In: Economics
The question provided is related to Chapter 29, "Business Cycles, Unemployment, and Inflation."
Question: Can a government achieve a low inflation rate and low unemployment?
Prepare between 2 to 4 pages or 500 to 1000 words for this discussion.
Yes it is absolutely possible. There are two approaches to achieving this, one being orthodox and the other heterodox.

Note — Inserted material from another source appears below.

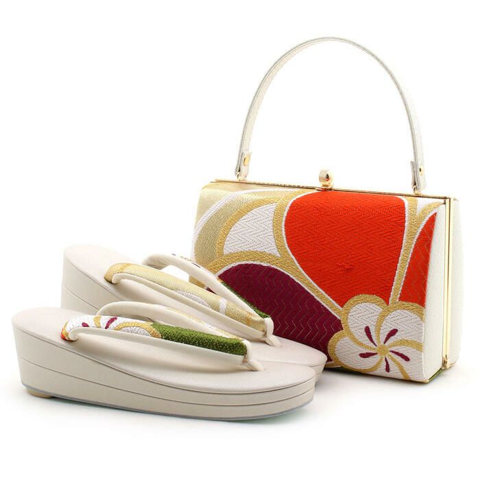 【アウトレット】振袖 草履 バッグ セット 成人式 草履バッグセット 振袖用 振り袖 フリー ホワイト&レッド 桜刺繍 白梅謹製 正絹帯地 日本製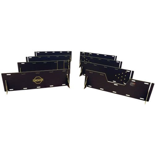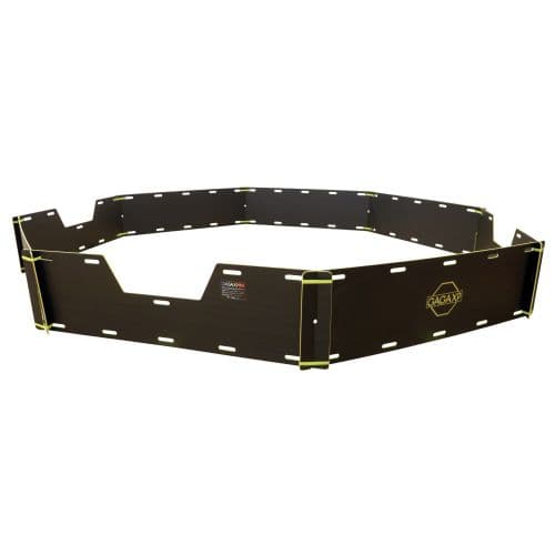 GAGAXP GAGA PIT Our original pit design features eight panels: five solid panels and three door panels with built-in handles that make it easy to move around. Each panel measures 27” x 96” x ½”, and weighs approximately 40 lbs, featuring slotted ends for easy assembly. At around 18 feet in size from corner to corner, our GagaXP pit comes with 16 rubber footings, and 16 panel stands, providing you with everything you need for an incredible gaga ball game!

First, in economics, there is something called the Philips curve - the trade off between inflation and unemployment. This means that to have low unemployment, one must endure not-so-low inflation, and vice versa. However, a central bank that has a low inflation target (e.g. 2%), can facilitate both low inflation and low unemployment (full employment) - a dual mandate - if it is able to build adequate credibility so that markets (businesses, investors, consumers) are anchored to its inflation target. The logic is that with a non-credible central bank, economic shocks would tend to raise inflation expectations beyond the central bank’s target, and prices would rise (nominal wages rise in expectation of higher inflation, interest rates rise on investors’ expectations of higher inflation) etc., and thus unemployment rises more sharply in such an environment. But with a credible central bank, markets are confident that any increases (or decreases) in inflation beyond (or under) the central bank’s target would be reigned back in by the central bank. Thus, when shocks occur, unemployment is less likely to increase as inflation rises. Additionally, with inflation expectations strongly anchored to the central bank’s inflation target, monetary easing and the ensuing decrease in unemployment can more easily occur without causing much inflation. Applied practically, Marvin Goodfriend shows that it was because inflation and inflation expectations were well-anchored to the Federal Reserve’s policy that the Fed was able to cut interest rates aggressively in 2001 from 6.5 to 1.75 percent to cushion the fall in aggregate demand and employment.
When both inflation and unemployment are mitigated, economic growth is driven by complementary economic policies (which I will not go into because there are a diversity of prespciptions from a diversity of economic schools of thought) - just know that maintaining low inflation & UE is the hard part because there is typically a trade off. Nonetheless, within the same logic, with low inflation due to strong anchor to the central bank’s policy, persistently low interest rates is feasible to maintain a higher equilibrium of investments that drive economic growth.
The heterodox approach sees labour costs as a significant source of inflation (as it is a significant composition of production costs, and is susceptible to wage-price spirals, as was the case in the U.S. In the 1970s that James Kenneth Galbraith prescribed wage controls). Before the philips curve, there was the Sultan curve - which showed a trade off between wage inflation and unemployment. Therefore, if wage moderation/restraint can be guaranteed, then inflation would be subdued. Additionally, with subdued wage inflation, the philips curve becomes steeper, such that full employment policies can be more easily pursued without inflation rising. This configuration facilitated low unemployment, low inflation, and economic growth. Again, although there is some endogeneity of economic growth within the narrated logic (e.g. Low inflation permitting lower interest rates to spur investments for economic growth), economic growth is pursued by their means I shall not explain here.
The traditional (Rein-Meider) Swedish model included: centralized and coordinated wage bargaining (between labour unions and employer organizations, and the state) to guarantee wage moderation (I.e. wage increases limited to productivity growth), while the state committed to an anti-inflationary policy (so that real wages are not threatened) complemented by policy measures designed to preserve ‘full and productive employment’ - which was achieved through wage moderation (such that more employment could be afforded at such moderated wages), Active Labour Market Policies (ALMP), as well as other policy measures.